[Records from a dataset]
=== Section Start ===

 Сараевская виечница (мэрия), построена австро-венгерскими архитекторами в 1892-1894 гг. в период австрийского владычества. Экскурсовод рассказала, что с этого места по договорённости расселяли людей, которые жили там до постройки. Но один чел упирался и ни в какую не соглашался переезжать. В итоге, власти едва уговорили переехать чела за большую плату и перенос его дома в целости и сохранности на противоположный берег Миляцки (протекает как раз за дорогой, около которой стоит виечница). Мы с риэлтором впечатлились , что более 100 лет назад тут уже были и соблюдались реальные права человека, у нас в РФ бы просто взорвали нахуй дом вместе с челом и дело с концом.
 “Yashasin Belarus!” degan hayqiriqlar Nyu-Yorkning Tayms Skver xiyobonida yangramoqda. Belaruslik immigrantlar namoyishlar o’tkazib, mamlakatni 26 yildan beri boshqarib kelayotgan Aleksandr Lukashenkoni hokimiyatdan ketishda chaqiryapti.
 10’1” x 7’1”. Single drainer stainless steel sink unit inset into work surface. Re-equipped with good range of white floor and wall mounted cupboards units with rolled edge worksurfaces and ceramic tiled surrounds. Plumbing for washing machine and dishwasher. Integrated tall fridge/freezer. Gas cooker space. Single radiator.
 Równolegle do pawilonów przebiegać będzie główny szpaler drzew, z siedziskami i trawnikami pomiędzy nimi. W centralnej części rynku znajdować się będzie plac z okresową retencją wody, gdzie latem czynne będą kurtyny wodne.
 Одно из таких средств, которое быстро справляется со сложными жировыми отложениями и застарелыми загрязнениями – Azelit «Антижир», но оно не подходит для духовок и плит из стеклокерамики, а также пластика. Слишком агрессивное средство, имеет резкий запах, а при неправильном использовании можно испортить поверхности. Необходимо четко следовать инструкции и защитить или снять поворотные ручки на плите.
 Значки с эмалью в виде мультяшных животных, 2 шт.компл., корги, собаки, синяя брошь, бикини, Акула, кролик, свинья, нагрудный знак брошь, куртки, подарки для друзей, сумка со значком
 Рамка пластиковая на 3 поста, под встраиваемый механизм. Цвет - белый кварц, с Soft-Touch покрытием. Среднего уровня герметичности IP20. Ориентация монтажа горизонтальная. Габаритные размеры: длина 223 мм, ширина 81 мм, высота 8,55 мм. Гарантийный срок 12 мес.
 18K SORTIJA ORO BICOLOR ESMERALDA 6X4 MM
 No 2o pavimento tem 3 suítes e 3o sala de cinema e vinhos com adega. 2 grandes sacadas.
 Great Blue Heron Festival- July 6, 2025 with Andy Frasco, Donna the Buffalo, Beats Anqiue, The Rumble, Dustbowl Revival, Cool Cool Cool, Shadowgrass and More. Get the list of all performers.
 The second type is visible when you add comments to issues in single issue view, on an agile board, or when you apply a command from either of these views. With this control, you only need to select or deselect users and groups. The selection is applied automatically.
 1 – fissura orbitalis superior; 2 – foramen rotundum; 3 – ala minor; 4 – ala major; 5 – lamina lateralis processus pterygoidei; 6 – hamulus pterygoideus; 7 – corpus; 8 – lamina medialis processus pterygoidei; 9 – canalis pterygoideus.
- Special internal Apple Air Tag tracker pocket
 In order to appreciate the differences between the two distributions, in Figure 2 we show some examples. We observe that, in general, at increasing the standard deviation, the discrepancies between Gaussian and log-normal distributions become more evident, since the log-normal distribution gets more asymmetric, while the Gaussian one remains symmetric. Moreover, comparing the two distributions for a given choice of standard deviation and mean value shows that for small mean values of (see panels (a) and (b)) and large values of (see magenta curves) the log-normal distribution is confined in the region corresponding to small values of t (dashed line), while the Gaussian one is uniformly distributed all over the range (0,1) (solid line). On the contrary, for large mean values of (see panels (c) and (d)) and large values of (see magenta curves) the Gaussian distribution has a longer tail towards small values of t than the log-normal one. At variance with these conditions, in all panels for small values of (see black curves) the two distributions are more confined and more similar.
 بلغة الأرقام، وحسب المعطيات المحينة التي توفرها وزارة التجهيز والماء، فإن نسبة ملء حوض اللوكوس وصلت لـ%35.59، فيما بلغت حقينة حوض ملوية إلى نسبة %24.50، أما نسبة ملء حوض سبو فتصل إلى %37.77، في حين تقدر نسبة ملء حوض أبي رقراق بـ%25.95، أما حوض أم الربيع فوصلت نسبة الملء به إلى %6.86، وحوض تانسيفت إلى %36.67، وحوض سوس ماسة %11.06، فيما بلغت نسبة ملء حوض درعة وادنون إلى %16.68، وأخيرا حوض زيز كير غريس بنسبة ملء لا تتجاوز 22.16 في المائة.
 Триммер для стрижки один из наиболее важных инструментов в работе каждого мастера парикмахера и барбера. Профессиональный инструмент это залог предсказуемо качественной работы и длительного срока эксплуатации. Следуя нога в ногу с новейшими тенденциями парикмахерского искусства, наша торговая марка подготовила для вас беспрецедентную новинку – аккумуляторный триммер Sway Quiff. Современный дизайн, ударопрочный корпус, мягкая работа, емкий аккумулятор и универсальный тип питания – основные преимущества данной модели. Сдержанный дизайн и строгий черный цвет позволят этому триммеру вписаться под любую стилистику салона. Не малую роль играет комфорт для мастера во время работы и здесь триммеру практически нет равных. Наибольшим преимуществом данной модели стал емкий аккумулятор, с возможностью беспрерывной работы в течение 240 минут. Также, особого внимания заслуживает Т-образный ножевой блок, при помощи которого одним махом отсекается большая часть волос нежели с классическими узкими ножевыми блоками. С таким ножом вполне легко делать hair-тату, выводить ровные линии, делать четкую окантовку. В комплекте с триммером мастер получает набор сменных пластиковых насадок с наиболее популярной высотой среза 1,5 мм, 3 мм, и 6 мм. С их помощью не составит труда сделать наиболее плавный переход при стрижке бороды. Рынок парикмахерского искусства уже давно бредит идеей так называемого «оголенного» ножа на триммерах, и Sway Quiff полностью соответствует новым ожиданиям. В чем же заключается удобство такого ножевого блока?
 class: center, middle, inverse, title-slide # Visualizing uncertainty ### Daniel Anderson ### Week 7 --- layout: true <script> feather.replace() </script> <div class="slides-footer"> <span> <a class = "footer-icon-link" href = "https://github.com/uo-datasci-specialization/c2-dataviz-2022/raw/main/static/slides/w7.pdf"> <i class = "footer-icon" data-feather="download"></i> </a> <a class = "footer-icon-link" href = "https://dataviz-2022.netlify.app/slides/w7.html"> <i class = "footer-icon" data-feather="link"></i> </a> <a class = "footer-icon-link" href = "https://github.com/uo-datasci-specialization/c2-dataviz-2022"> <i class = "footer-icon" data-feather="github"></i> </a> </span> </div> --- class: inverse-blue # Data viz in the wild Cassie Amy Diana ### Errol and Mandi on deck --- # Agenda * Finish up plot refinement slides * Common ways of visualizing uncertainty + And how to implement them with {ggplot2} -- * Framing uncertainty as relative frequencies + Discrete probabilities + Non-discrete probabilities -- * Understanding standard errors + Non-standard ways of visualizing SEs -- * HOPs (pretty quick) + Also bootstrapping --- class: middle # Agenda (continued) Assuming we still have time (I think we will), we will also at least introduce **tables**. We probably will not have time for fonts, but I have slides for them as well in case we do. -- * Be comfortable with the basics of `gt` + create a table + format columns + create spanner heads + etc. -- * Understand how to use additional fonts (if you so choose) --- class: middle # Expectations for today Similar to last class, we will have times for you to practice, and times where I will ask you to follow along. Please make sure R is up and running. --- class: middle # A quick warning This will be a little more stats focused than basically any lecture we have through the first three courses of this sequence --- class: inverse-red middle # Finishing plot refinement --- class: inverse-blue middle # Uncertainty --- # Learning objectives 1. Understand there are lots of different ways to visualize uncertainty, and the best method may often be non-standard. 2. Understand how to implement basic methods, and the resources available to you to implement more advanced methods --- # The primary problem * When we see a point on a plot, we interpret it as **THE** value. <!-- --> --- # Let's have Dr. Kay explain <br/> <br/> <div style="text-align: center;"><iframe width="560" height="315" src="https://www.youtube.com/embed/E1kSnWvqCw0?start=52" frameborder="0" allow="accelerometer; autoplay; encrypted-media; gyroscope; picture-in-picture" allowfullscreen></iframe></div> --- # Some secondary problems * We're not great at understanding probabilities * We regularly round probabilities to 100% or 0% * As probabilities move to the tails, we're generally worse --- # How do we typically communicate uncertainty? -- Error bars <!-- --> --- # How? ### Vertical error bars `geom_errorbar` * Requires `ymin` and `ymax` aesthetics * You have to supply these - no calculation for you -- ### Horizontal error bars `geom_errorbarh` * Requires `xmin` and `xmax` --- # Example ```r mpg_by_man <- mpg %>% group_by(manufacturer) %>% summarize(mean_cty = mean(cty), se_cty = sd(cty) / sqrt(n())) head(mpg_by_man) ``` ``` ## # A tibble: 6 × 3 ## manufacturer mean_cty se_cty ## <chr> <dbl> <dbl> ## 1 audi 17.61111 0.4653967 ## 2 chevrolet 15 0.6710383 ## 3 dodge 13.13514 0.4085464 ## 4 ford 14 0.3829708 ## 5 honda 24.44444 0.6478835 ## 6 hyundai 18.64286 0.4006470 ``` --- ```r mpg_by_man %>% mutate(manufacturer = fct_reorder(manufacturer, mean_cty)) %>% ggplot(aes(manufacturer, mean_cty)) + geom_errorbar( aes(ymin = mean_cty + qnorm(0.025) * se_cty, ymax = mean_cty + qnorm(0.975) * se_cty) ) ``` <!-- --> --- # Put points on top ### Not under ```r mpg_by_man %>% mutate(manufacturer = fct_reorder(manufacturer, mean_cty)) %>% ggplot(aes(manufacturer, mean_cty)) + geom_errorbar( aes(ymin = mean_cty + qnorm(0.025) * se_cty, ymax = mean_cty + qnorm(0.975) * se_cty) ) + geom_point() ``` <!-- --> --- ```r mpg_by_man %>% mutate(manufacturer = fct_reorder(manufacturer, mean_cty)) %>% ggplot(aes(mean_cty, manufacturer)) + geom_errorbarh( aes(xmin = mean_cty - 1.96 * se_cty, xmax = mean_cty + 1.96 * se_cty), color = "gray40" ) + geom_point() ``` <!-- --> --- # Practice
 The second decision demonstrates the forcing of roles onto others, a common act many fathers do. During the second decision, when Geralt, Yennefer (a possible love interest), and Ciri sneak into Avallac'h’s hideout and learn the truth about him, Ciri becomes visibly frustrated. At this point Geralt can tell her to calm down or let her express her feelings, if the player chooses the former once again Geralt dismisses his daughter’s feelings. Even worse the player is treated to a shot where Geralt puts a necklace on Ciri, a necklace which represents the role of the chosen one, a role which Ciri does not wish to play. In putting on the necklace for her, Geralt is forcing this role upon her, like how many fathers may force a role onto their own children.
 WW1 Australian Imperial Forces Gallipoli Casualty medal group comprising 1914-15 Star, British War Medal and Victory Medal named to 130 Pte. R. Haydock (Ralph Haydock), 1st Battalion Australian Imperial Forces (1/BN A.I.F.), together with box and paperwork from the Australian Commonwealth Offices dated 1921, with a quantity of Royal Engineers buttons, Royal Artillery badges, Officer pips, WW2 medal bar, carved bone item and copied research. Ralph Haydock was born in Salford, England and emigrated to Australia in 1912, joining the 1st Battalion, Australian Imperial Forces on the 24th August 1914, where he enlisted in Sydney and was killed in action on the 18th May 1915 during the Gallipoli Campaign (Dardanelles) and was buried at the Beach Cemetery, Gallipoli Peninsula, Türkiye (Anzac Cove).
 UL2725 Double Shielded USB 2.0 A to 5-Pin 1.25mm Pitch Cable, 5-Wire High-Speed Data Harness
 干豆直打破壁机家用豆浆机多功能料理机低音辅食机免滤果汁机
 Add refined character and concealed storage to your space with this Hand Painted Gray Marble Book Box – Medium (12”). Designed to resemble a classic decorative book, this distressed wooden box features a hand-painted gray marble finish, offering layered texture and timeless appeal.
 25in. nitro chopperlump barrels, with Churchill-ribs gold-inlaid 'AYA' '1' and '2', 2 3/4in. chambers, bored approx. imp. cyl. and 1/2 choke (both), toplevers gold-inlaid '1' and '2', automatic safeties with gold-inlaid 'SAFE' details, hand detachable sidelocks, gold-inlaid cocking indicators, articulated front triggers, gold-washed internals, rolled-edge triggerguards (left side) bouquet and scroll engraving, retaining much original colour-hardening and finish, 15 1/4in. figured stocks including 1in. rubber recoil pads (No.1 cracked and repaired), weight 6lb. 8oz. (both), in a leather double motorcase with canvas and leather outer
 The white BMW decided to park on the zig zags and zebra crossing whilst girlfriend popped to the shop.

=== Section End ===

# [Directions for this task]
Among the entries above, locate the lines containing "Great Blue Heron" and "- Special internal", and transcribe exactly those two lines and all lines between.

# [Written solution]
 Great Blue Heron Festival- July 6, 2025 with Andy Frasco, Donna the Buffalo, Beats Anqiue, The Rumble, Dustbowl Revival, Cool Cool Cool, Shadowgrass and More. Get the list of all performers.
 The second type is visible when you add comments to issues in single issue view, on an agile board, or when you apply a command from either of these views. With this control, you only need to select or deselect users and groups. The selection is applied automatically.
 1 – fissura orbitalis superior; 2 – foramen rotundum; 3 – ala minor; 4 – ala major; 5 – lamina lateralis processus pterygoidei; 6 – hamulus pterygoideus; 7 – corpus; 8 – lamina medialis processus pterygoidei; 9 – canalis pterygoideus.
- Special internal Apple Air Tag tracker pocket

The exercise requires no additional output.